Wednesday, March 11, 2015

Drama Review - Pinnochio


I've been meaning to talk about Pinocchio, the Korean drama series I just finished watching. I started watching it around the same time I read Jellicoe Road (still wrecked by that book), and finished around the same time I finished reading it too. So a lot of what I wrote for No Room in Neverland was very much influenced by the mood of these stories.

So, Pinocchio.

It's about a girl who has the Pinocchio condition, wherein she is unable to lie because it causes her to hiccup endlessly until she tells the truth*.


Despite her condition, In Ha decides to follow in her estranged mother's footsteps to become a high-powered broadcast journalist (who is rumoured to go to any means to get her scoop, even if it means fabricating stories and twisting the truth).

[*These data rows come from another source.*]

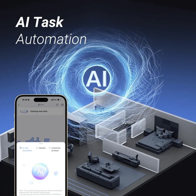 - Использует ИИ-камеру и лидар LDS для распознавания более 108 типов объектов и обнаружения жидких пятен для автоматической повторной уборки.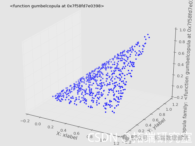 zeFigure=plot3d(U[样本],V[样本],copulapoints[样本], label=copulaName,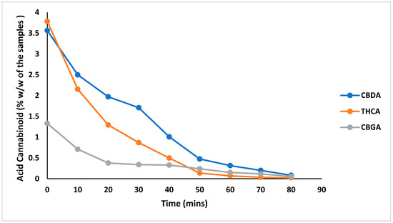 In the decarboxylation study, cannabis samples of the three chemovars (high CBD, high THC, and high CBG) were heated at different temperatures, and the cannabinoids were analyzed before and after decarboxylation. Complete decarboxylation of THCA was achieved at 70 min, while CBDA and CBGA were fully decarboxylated at 80 min. All decarboxylation temperatures were carried out at 130 °C (Figure 5).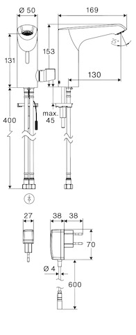 - Opbouwhoogte onderkant kraanmondstuk: 130 mm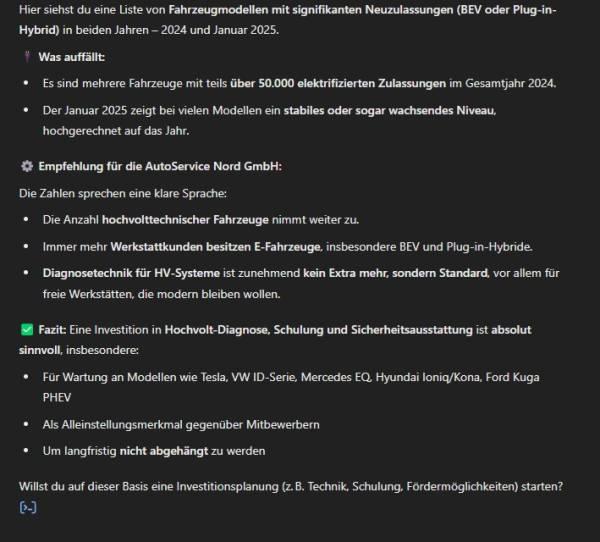 Prompt: > Finde alle Modelle, die sowohl 2024 als auch im Januar 2025 signifikant (>1.000 Zulassungen) mit BEV oder Plug-in-Hybrid ausgestattet waren. Liste diese auf und gib Empfehlungen, ob sich eine Investition in Hochvolt-Diagnosetechnik für Werkstätten lohnt.

After her parents' divorce when she was a child, In Ha and her father go to live with her grandfather in the countryside, where she finds her "uncle", this boy her age posing as her distraught grandfather's son who died out at sea.

Going by the name of Dal Po, the boy has also recently lost his entire family - his fireman father died on the job and is accused by the media of sending his team into an empty building on fire, his mother took her own life following the incident, and his older brother is missing. While Dal Po harbours a crush on In Ha*, he also learns that In Ha's mother is the journalist who accused his father of killing his team in the fire and left him an outcast for the remainder of his life.

Meanwhile, In Ha struggles to reconnect with her mother by sending her text messages she hope she would one day receive a reply to. On the day before she goes for her interview at the news station with Dal Po, she receives one. But the sender is not her mother. It is the son of retail tycoon who decides to apply for a journalist post to meet In Ha.


The show centres on Dal Po's quest for revenge against In Ha's mother, his search for his older brother, In Ha's struggle to make sense of what happened 13 years ago, when the media misdirected the focus of the fire and laid the blame on Dal Po's father***, as well as the mystery of why In Ha's mother's cellphone ended up in the hands of the heir to the retail conglomerate.


*Because obviously they couldn't make her nose grow longer.

**Yes, of course Dal Po and In Ha have a thing.


But it wasn't heavy-handed or overly sappy. The development of their relationship was natural and comfortable, not melodramatic with copious declarations of love. Think Wes and Macy from Sarah Dessen's The Truth About Forever rather than Eleanor and Park by Rainbow Rowell.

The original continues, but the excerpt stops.